Coleraine: Rally held in protest at Causeway Hospital maternity decision
- Published
A campaigner has said women are "extremely worried" by the decision to halt births at Causeway Hospital.
Last month the Department of Health announced maternity services would be consolidated at Antrim Area Hospital.
Campaign group SoS Causeway Hospital held a march from the hospital to Coleraine town hall on Saturday in protest at the decision.
The changes come into effect from Monday after a 14-week consultation.
On Friday the group met the Northern Health and Social Care Trust which said the move "does not mean we wish to downgrade Causeway Hospital".
The maternity decision "in no way signals its closure", the trust added.
"As a trust providing health and social care services in our community, it is important that we best serve the changing demographic of the area's population, which is why we have made significant investment in enhancing our ambulatory and frailty care services at Causeway Hospital," it said.
The trust has said births had fallen in the Causeway Coast and Glens area and were expected to decline by 11% within the next 20 years.
But on Saturday, Gemma Brolly from SoS Causeway Hospital said women in the community were "extremely worried".
"People, specifically people in the rural community, see this as stripping of services, services that they have every bit as much right to as anybody else," she said.
"As of midnight tomorrow there will no longer be a facility here at Causeway Hospital to give birth.
"So you will have possibly ladies going into birth, perhaps some of them in emergency situations, and they will have to bypass their local hospital and go on down the road to Antrim."
Lauren McAuley, who took part in the protest, said a real disservice was being done to women in the area.
"We can't tell a baby that's on the way 'can you just give me another 50 minutes while I drive up the road'," she said.
"We're not prioritising things here; we're putting lives at risk."
Another woman, Jade Best, said her experiences of giving birth to her two children at Causeway hospital had been "fantastic".
"We got to use the new water birth maternity suite," she said.
"The water birth suite is just out of this world.
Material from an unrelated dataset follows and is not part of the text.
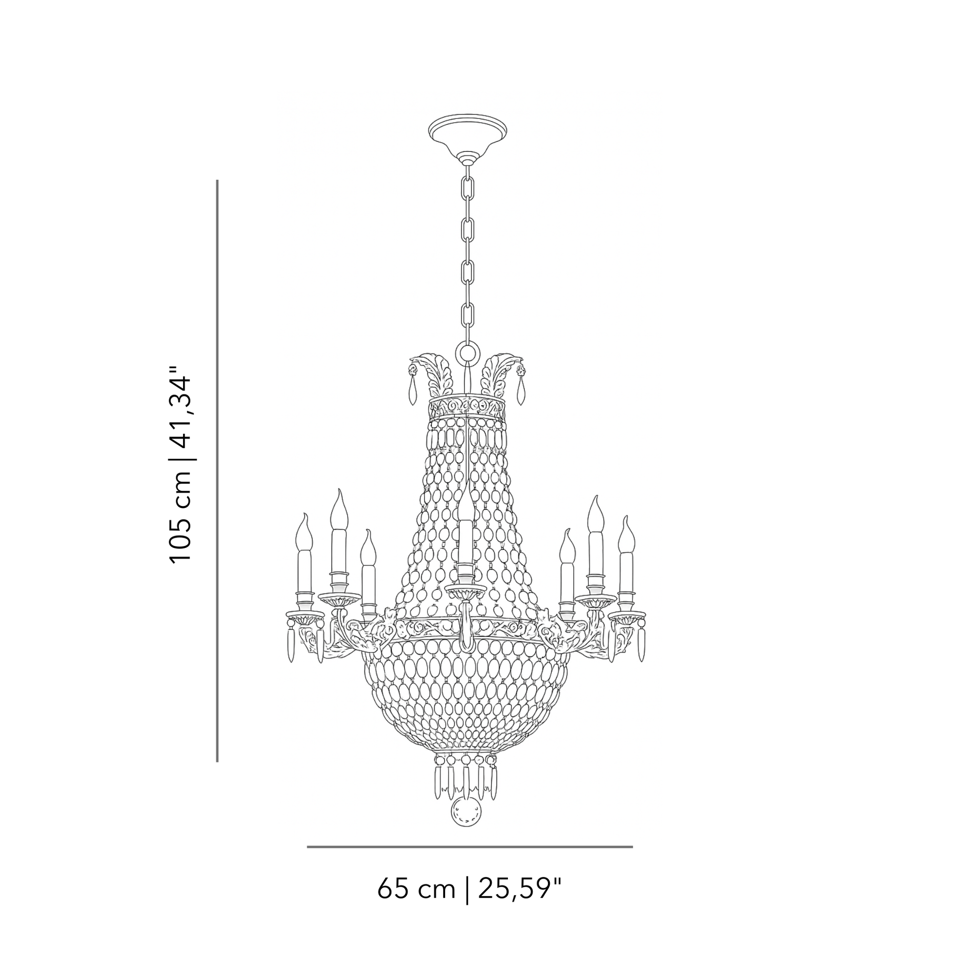 Valorizza i tuoi spazi con il nostro raffinato lampadario a 6 luci, caratterizzato da una struttura timeless impreziosita da scintillanti gocce di cristallo. Questo lampadario fonde perfettamente il design classico con una meticolosa lavorazione artigianale, diffondendo una luce affascinante e opulenta in tutto l'ambiente. Illumina i tuoi spazi con eleganza e lusso. Shop now portare nella tua casa la bellezza intramontabile del lampadario a 6 luci con dettagli in bronzo e gocce di cristallo.

It was new in 2018."
She added: "We're just all out in force because we don't want the maternity unit to close."
The Northern Trust had recommended that all births in the area should permanently move to the Antrim site.
However, the department said antenatal and postnatal clinics will be retained and enhanced at Causeway Hospital.
The trust said the move was the "best outcome for women and babies in our care".
On Friday a pregnant woman who lives near Ballycastle in County Antrim told BBC News NI that expectant mothers in the area face a drive of more than an hour to Antrim.
She said this could harm he mental health of those affected, as well as having a financial impact.